During allergic reactions, allergens in the human body form specific immunoglobulins E. Allergens can be household, pollen, food, etc. The levels of specific immunoglobulin E in patients suffering from allergies increase sharply.

What kind of analysis is this

A test for general immunoglobulins E in the blood is used to diagnose allergies, but to search for the causative allergen, immunoglobulins E specific to it are identified. IgE, contained in free form in the blood serum, makes up 0.002% of all antibodies. When interpreting the indicators of total immunoglobulin ig e, allergists at the Yusupov Hospital take into account a number of factors:

  • in approximately 1/3 of patients with atopic diseases, the level of total IgE does not exceed the norm;
  • some patients with bronchial asthma have increased sensitivity to only one antigen, as a result of which their level of total immunoglobulin E may be within normal limits, while specific immunoglobulins E and skin test results will be positive;
  • the concentration of total immunoglobulin E also increases with helminthic infestation, bronchopulmonary aspergillosis and some forms of immunodeficiency and normalizes after treatment;
  • angioedema and chronic recurrent urticaria are not mandatory indications for determining total immunoglobulin E, since in most cases they are non-allergic in nature;
  • antibodies of other classes that are specific for a given allergen may cause false negative results;
  • exceptionally high concentrations of total IgE immunoglobulin may be due to nonspecific binding to various antigens.

Indications for testing for specific immunoglobulin E

An analysis for specific immunoglobulin E is prescribed by immunologists to patients who suspect the presence of the following disorders:

  • allergic diseases: bronchial asthma, hay fever, atopic dermatitis, eczema, food and drug allergies;
  • helminthiases.

In addition, this study is conducted to assess the likelihood of developing allergies in pediatric patients with a hereditary predisposition to this pathology.

Where is allergy testing done?

When visiting a doctor, first of all exclude the presence of dermatological and respiratory problems. For this purpose, the patient is asked under what conditions the symptoms of the disease appear.

To determine the cause of an allergic reaction, patients' blood is examined and skin samples are taken.

If symptoms of the disease are detected in a patient, a general blood test is required, including a leukocyte count. The number of leukocytes in a patient with allergies increases, but the concentration of erythrocytes and platelets does not change.

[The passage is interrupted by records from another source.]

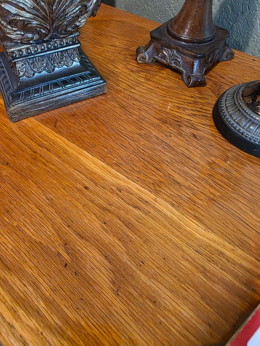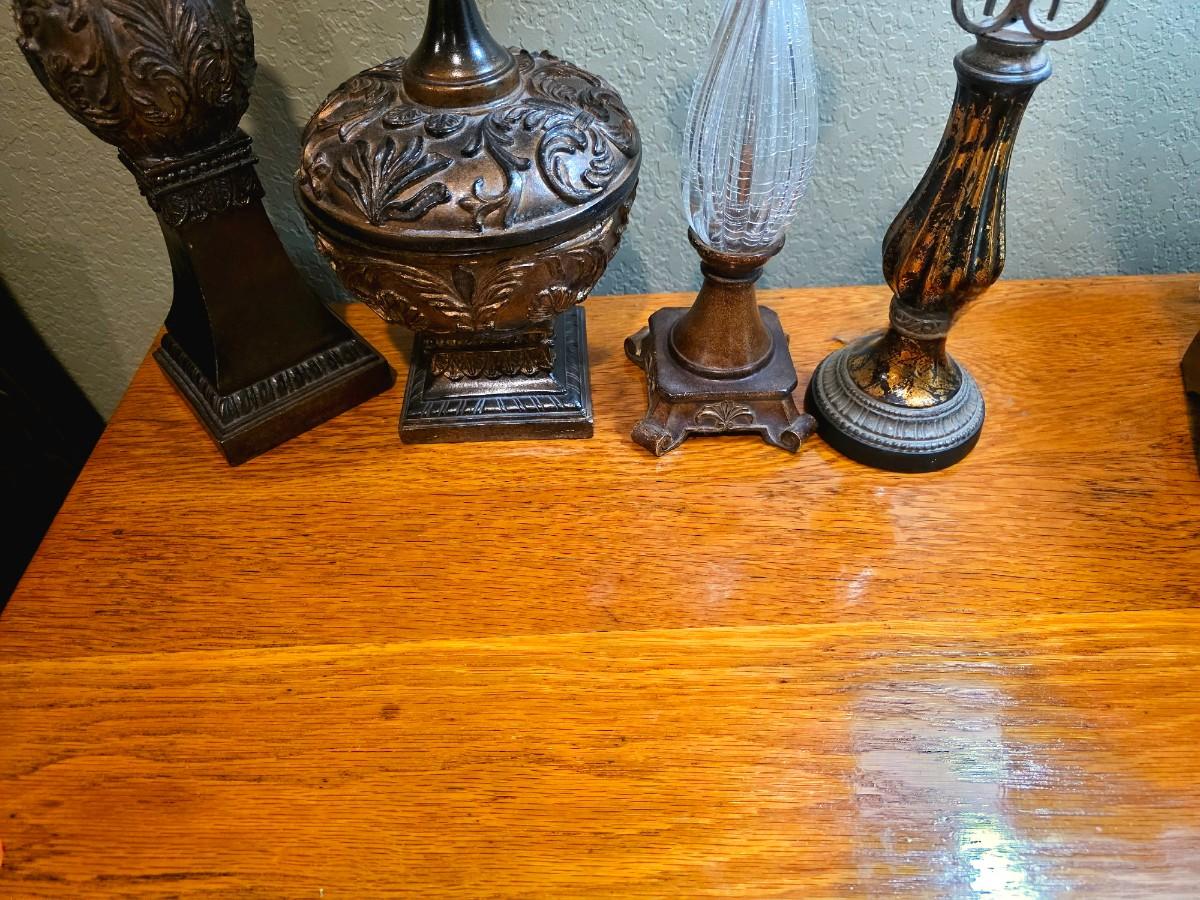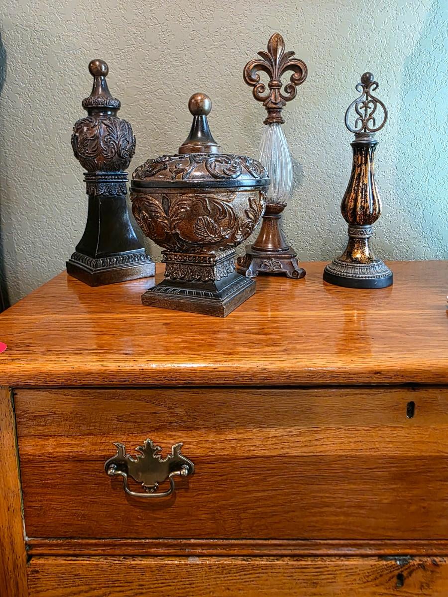 1 nightstand with 4 tabletop decor pieces.
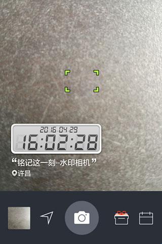 4、进入相机页面,点击“水印”,确定“日期地点水印”。
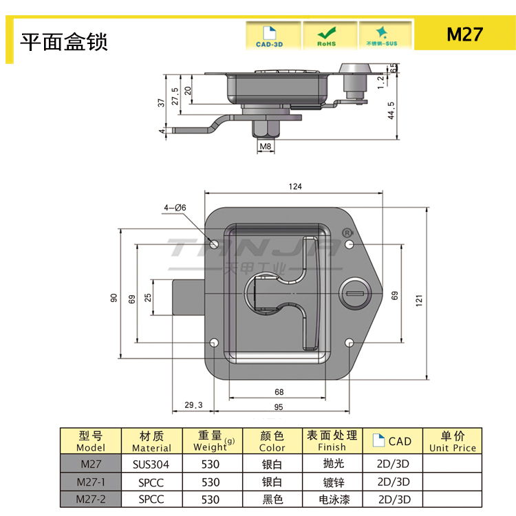 供應(yīng)天地 M27平面盒鎖_不銹鋼車(chē)廂門(mén)鎖駕駛艙不銹鋼盒鎖半掛車(chē)工具箱鎖 |
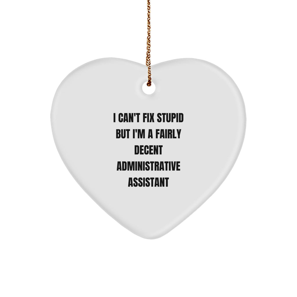 - Our Heart Ornament is the perfect way to show your appreciation for an Administrative Assistant's hard work and dedication. With a funny quote that says 'I Can't Fix Stupid But I'm A Fairly Decent Administrative Assistant,' this Heart Ornament is sure to bring a smile to their face.
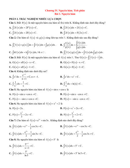 Câu 1. Biết Fx là một nguyên hàm của hàm số f(x) trên K. Khẳng định nào dưới đây đúng? A. 2f

To confirm an allergy, the blood should be tested for immunoglobulins G and E. The former are involved in delayed reactions, and it takes several days from the moment of contact with the allergen to detect them. Immunoglobulin E appears a few minutes after contact. The total amount of IgE antibodies and specific IgE antibodies are of clinical significance.

The response is low, medium and high. The first indicates the complete safety of the substance. An average response suggests that the patient is better off avoiding the substance in question or limiting exposure to it. A high reaction is a sign that it is the test substance that provokes an allergic reaction.

Allergies are shown by the RAST test, which is a radioallergosorbent method. It is preferred because at the time of preparation for the study it is not necessary to give up antihistamines, so it can be used for severe cases of allergies. This method is also prescribed to determine the cause of the disease in young children.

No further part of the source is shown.